- **What the exercise asks**
Restate word for word the section of the entries that opens at the line containing "Стенд представляет собой" and closes at the line containing "Muted nude nails", both lines kept, pictures dropped.

- **Dataset excerpts**
########################################

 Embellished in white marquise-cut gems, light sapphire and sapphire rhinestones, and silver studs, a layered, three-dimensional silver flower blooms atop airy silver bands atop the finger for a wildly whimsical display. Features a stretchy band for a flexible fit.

########################################

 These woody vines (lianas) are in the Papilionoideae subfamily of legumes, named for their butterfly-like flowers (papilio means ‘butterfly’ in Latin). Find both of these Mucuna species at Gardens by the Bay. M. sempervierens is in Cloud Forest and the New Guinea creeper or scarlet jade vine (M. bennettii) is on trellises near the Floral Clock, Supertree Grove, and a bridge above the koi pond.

########################################

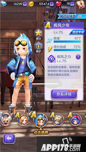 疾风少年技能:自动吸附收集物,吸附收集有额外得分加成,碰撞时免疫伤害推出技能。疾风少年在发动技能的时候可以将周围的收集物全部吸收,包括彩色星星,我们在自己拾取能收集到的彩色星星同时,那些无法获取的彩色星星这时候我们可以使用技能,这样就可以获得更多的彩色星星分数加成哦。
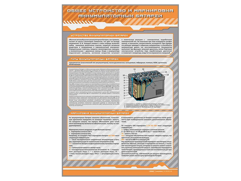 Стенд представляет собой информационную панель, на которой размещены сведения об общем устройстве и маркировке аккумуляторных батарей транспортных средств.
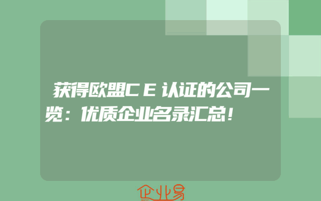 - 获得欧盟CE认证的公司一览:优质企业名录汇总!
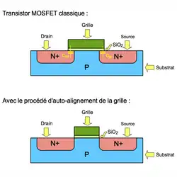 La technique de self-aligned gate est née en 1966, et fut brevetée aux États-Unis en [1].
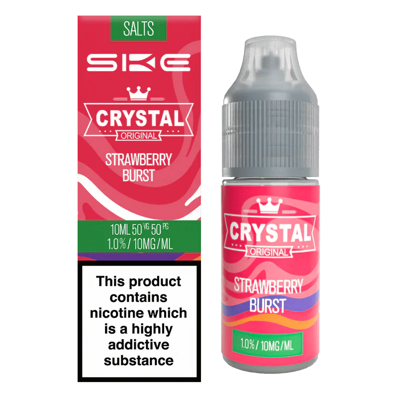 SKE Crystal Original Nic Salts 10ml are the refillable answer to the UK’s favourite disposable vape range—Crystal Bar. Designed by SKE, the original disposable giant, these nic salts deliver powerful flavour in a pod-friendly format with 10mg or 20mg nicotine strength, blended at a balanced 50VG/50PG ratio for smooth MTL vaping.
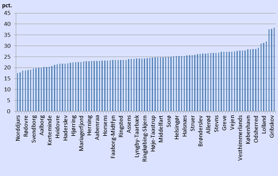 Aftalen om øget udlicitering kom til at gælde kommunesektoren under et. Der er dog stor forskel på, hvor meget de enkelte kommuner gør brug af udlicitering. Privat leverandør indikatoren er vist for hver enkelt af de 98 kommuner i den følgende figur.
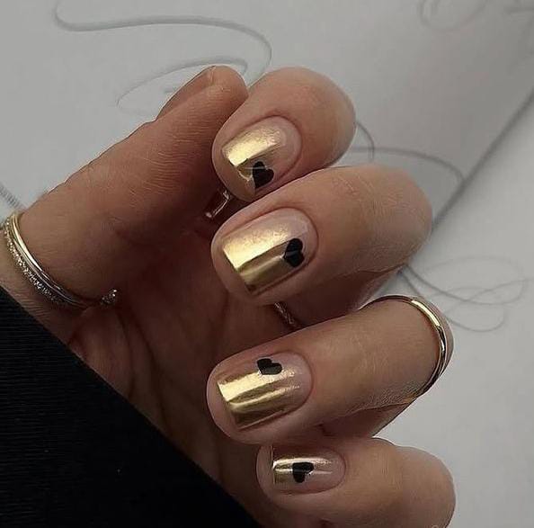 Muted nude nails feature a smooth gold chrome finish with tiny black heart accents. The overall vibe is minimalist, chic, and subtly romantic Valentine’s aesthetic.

########################################

- **Result of the task**
 Стенд представляет собой информационную панель, на которой размещены сведения об общем устройстве и маркировке аккумуляторных батарей транспортных средств.
 - 获得欧盟CE认证的公司一览:优质企业名录汇总!
 La technique de self-aligned gate est née en 1966, et fut brevetée aux États-Unis en [1].
 SKE Crystal Original Nic Salts 10ml are the refillable answer to the UK’s favourite disposable vape range—Crystal Bar. Designed by SKE, the original disposable giant, these nic salts deliver powerful flavour in a pod-friendly format with 10mg or 20mg nicotine strength, blended at a balanced 50VG/50PG ratio for smooth MTL vaping.
 Aftalen om øget udlicitering kom til at gælde kommunesektoren under et. Der er dog stor forskel på, hvor meget de enkelte kommuner gør brug af udlicitering. Privat leverandør indikatoren er vist for hver enkelt af de 98 kommuner i den følgende figur.
 Muted nude nails feature a smooth gold chrome finish with tiny black heart accents. The overall vibe is minimalist, chic, and subtly romantic Valentine’s aesthetic.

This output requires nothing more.